**GIVEN RECORDS**
BEGIN

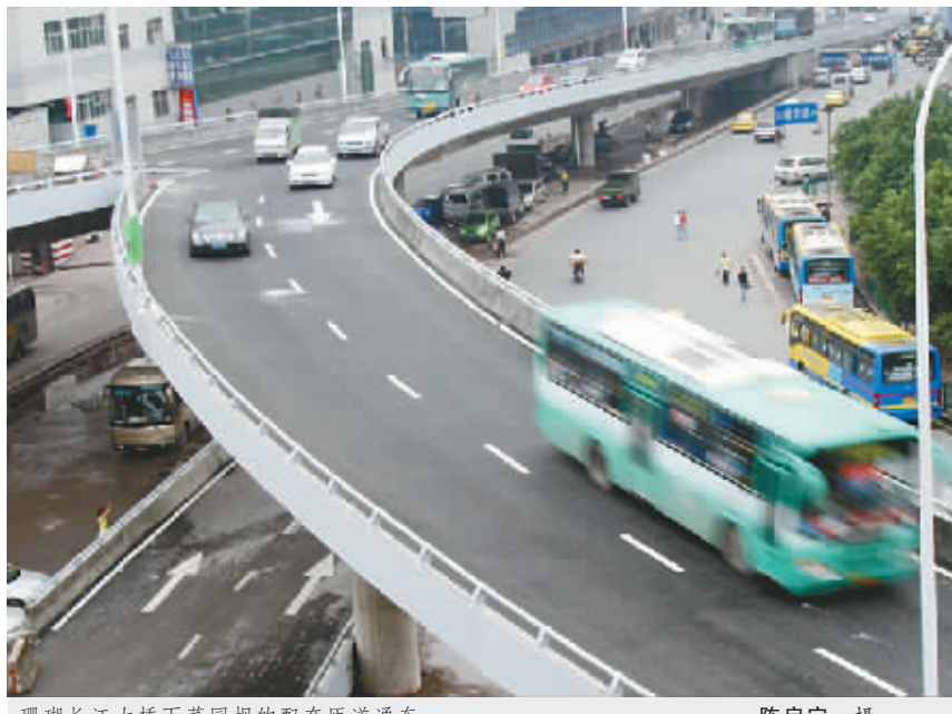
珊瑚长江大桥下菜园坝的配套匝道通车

END
BEGIN

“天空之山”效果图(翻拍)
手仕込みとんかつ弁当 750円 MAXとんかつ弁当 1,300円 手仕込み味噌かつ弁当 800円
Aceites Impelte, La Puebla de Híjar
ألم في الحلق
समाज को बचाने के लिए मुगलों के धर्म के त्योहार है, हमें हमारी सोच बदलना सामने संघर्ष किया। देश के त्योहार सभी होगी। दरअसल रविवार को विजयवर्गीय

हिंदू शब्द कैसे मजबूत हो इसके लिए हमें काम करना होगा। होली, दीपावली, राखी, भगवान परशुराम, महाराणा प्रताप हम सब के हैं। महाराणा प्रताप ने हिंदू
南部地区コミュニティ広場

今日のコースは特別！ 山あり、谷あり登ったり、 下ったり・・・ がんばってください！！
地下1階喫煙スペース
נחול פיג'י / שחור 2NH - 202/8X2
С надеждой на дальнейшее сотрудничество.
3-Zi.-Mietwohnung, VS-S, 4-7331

END

**TASK OBJECTIVE**
Please reproduce, exactly as they appear above, the lines from the line containing "समाज को बचाने" up to and including the line containing "С надеждой на дальнейшее сотрудничество.".

**TASK RESULT**
समाज को बचाने के लिए मुगलों के धर्म के त्योहार है, हमें हमारी सोच बदलना सामने संघर्ष किया। देश के त्योहार सभी होगी। दरअसल रविवार को विजयवर्गीय

हिंदू शब्द कैसे मजबूत हो इसके लिए हमें काम करना होगा। होली, दीपावली, राखी, भगवान परशुराम, महाराणा प्रताप हम सब के हैं। महाराणा प्रताप ने हिंदू
南部地区コミュニティ広場

今日のコースは特別！ 山あり、谷あり登ったり、 下ったり・・・ がんばってください！！
地下1階喫煙スペース
נחול פיג'י / שחור 2NH - 202/8X2
С надеждой на дальнейшее сотрудничество.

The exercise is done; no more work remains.